"I am not loved, here on Jupiter," said Gion. "I usurp the authority of greater men. I intrigue, I plot. I conquer and steal, if you will. It requires gold. A fortune." He paused, watching the outlaw. "An agent on Venus flashed me word that the Jewels of Orion, crown jewels of a vanished race on some forgotten planet beyond the stars, were to be shipped once more to Betelgoran. A hundred fortunes, Kurland. I gave orders and he shipped as passenger, with the consigned jewels."
"And then?" Kurland's eyes burned through the gloom.
"The Plutonian crashed somewhere ten million miles out in space," said Gion slowly. "My agent. He died with her, and with her people. But he sent the coordinates through even as she went down on some uncharted asteroid.

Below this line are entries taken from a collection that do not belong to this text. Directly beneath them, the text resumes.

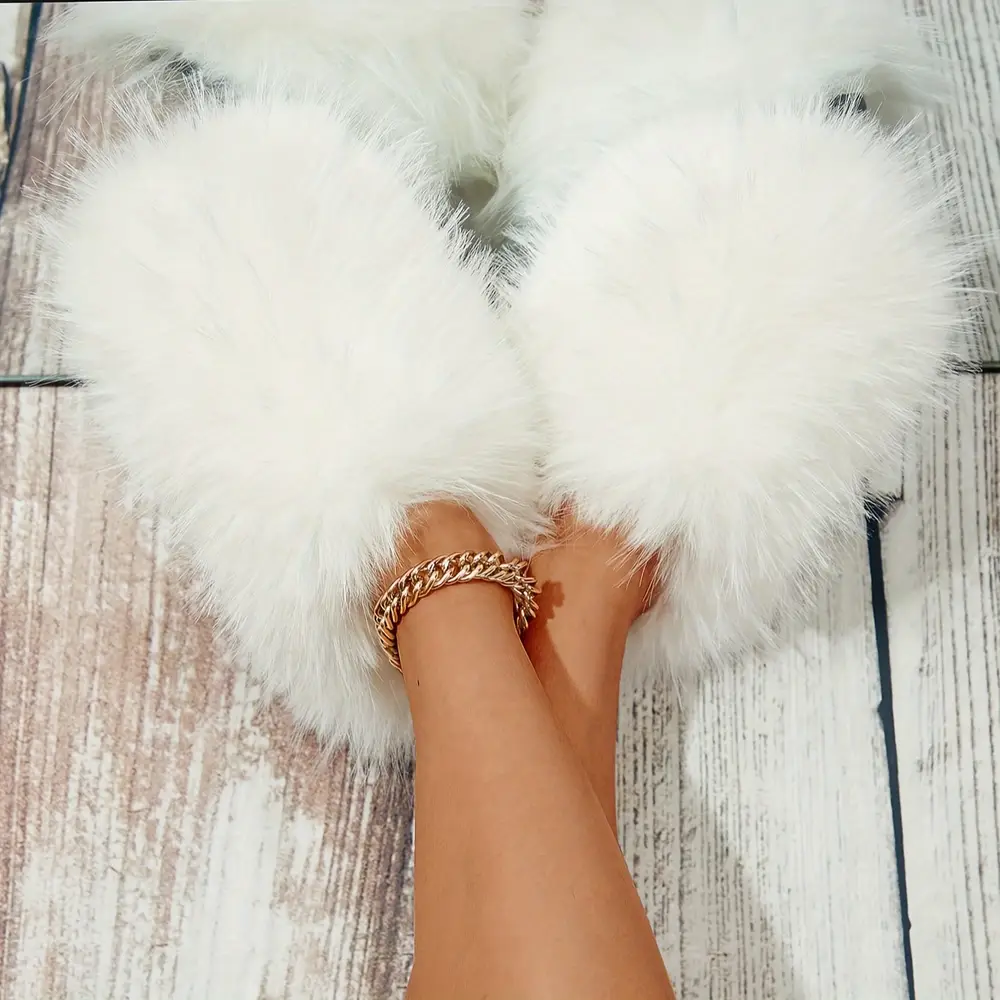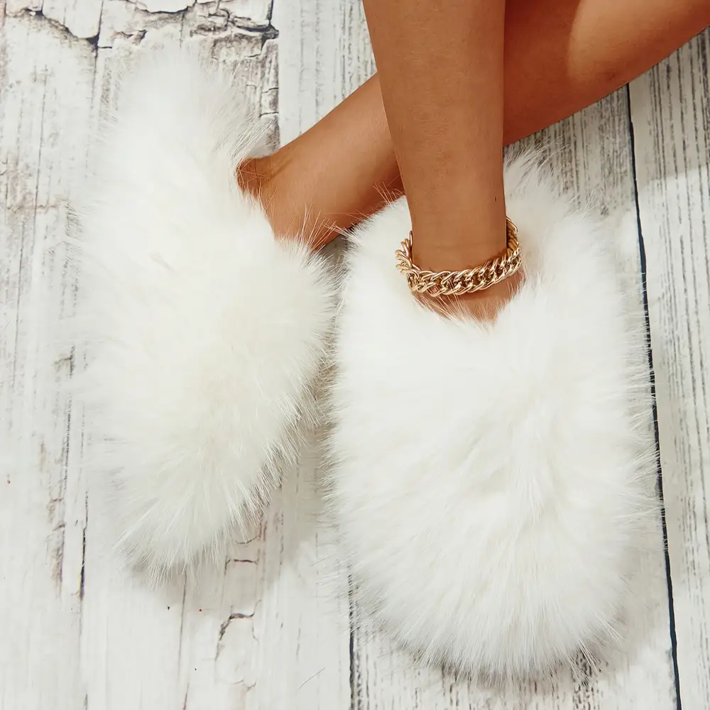 Chaussons femme en fourrure synthétique douce – semelle EVA antidérapante intérieur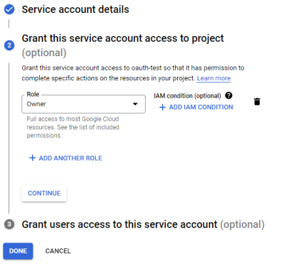 Click Done to create the service account. Make a note of the Client ID of the new account as you will need it later.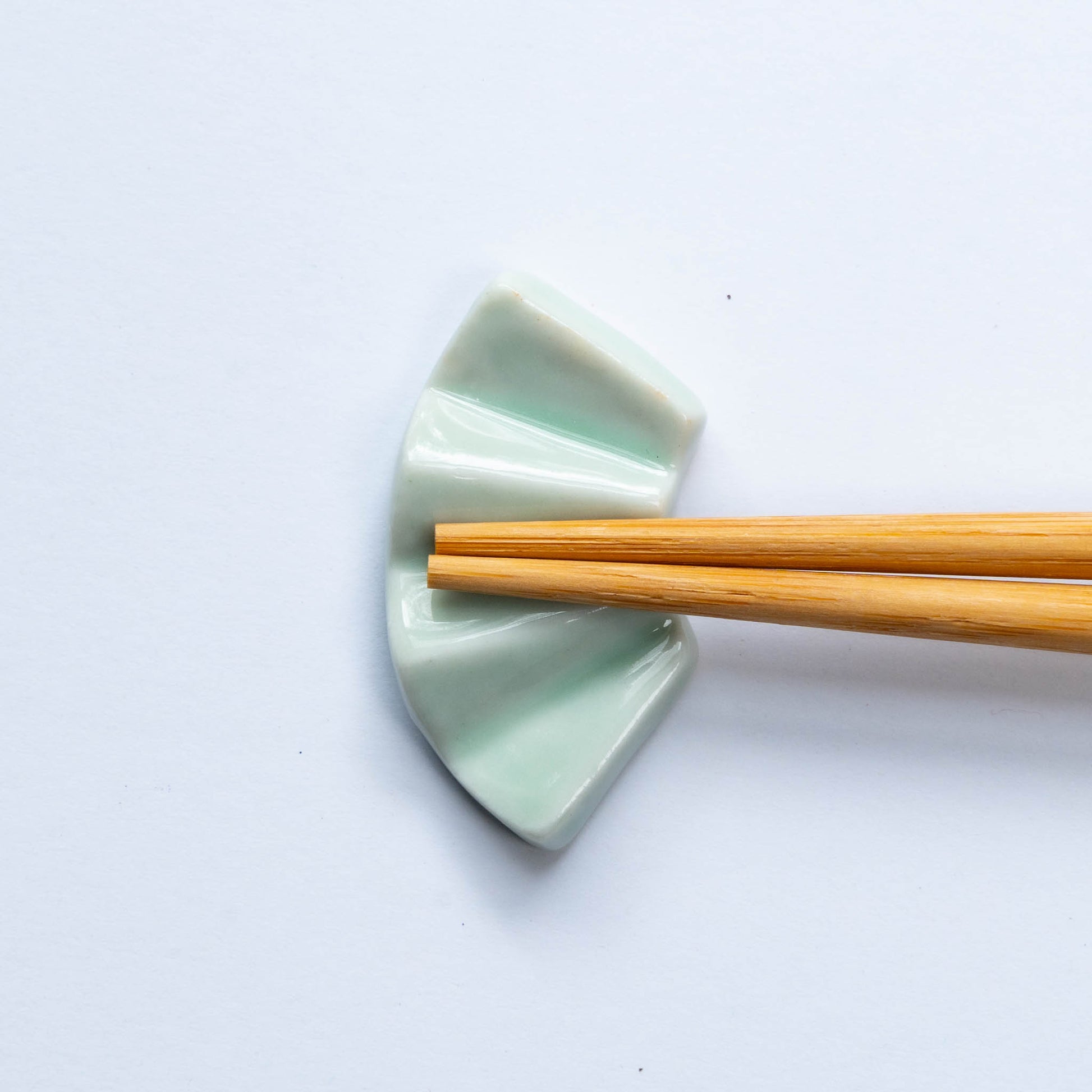 Confectionery wooden shaped lucky chopstick rest (Fan Celadon)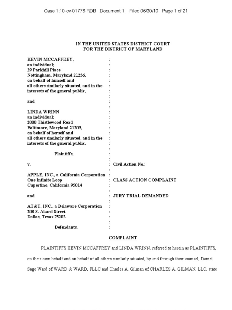 Le prime denuncie - che aspirano al rango di class action - contro Apple e AT&T per i presunti problemi di ricezione dell’iPhone 4 sono arrivate puntuali come orologi svizzeri. La prima è stata depositata nel Maryland, ma alcuni siti parlano di almeno tre class action (per ora) - altre due sarebbero state portate all’attenzione delle corti federali di California e Texas.

I know where the hulk lies piled, an iron coffin for the Orion jewels."
Kurland's glare was deadly. "Make your offer, vulture."
"Go and bring me the jewels."
Kurland flung back his head, a sudden roar of laughter in his muscled throat. The chains clashed on wrist and ankle as he flung derision in the other's paling face.
"You send a wolf on a jackal's errand, Marward! You think I would return, or venture one lean hungry mile on such a rat's voyage to help you on your way, you whom I have fought these many months, you who broke and exiled me, you who made me outlaw and today must hang me for it?" His scorn rasped bitingly in the prison cell, but Gion of Jupiter was not moved by the love or hate of men. He nodded to the tiny barred window.
"Look from the window."
Kurland looked, seeing in the growing pearl of dawn the black and ugly shapes athwart the sky were six gibbets stood ranged along the ramparts of Gion's northern fortress in the Montral foothills.